Extracted entries
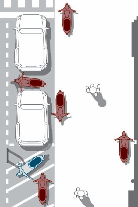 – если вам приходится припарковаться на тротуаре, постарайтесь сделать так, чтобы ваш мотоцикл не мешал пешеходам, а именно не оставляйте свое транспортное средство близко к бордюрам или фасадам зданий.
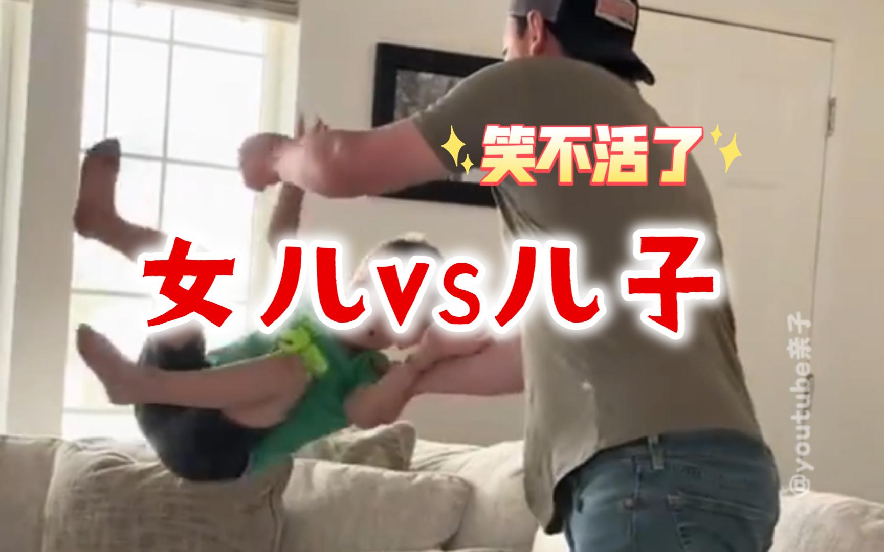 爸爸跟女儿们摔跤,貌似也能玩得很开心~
...
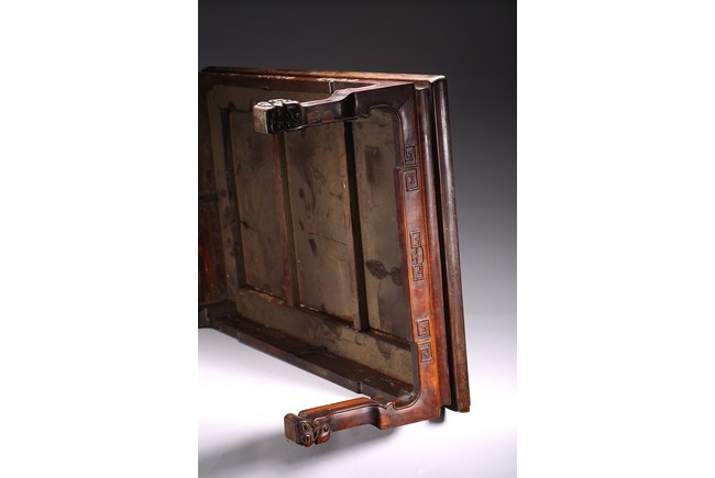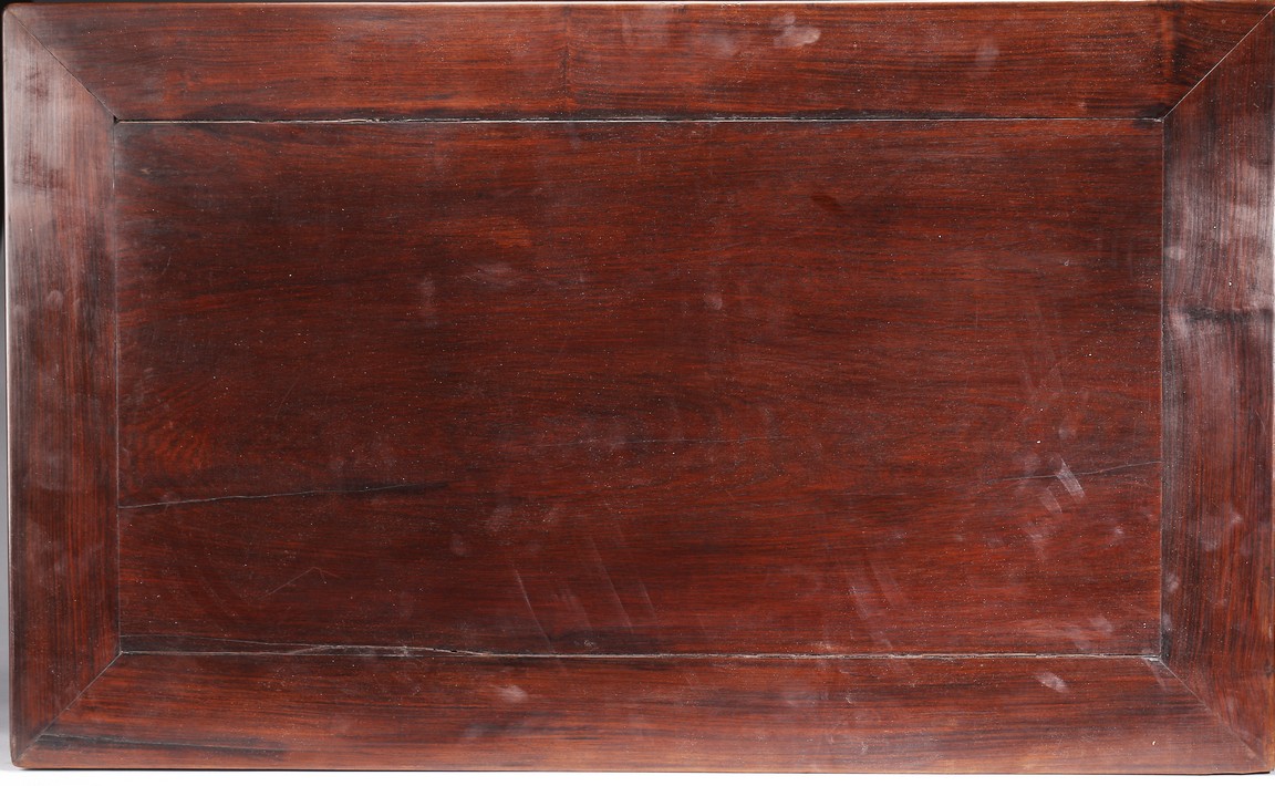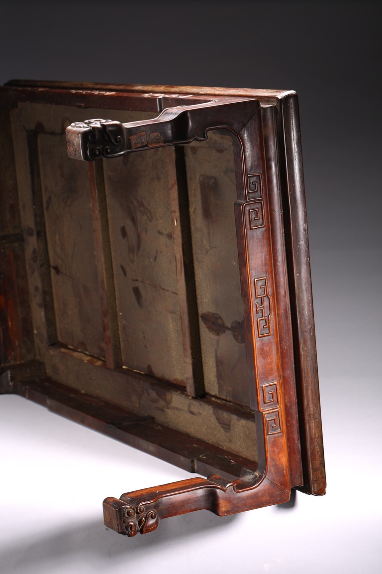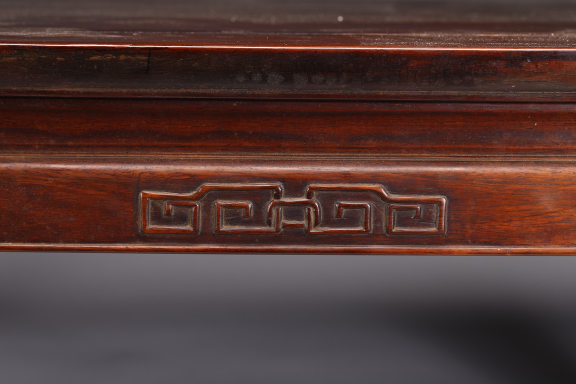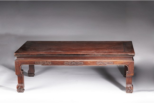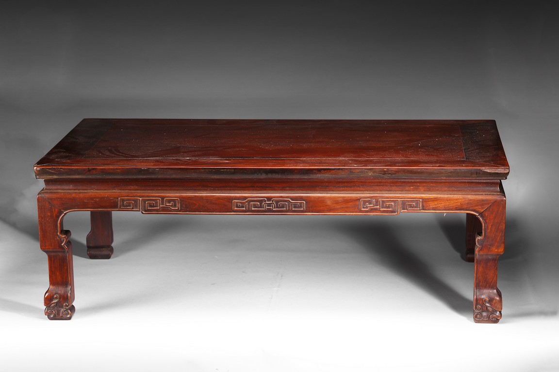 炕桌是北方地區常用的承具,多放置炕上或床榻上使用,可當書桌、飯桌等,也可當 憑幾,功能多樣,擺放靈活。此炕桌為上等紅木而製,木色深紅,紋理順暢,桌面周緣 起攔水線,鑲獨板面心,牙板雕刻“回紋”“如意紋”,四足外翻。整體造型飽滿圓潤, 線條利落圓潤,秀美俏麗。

What is being asked
What do the entries above read from the line containing "или фасадам зданий." through the line containing "爸爸跟女儿们摔跤,貌似也能玩得很开心~"? Output those lines exactly, both ends included, with the pictures left out.

Task result
 – если вам приходится припарковаться на тротуаре, постарайтесь сделать так, чтобы ваш мотоцикл не мешал пешеходам, а именно не оставляйте свое транспортное средство близко к бордюрам или фасадам зданий.
 爸爸跟女儿们摔跤,貌似也能玩得很开心~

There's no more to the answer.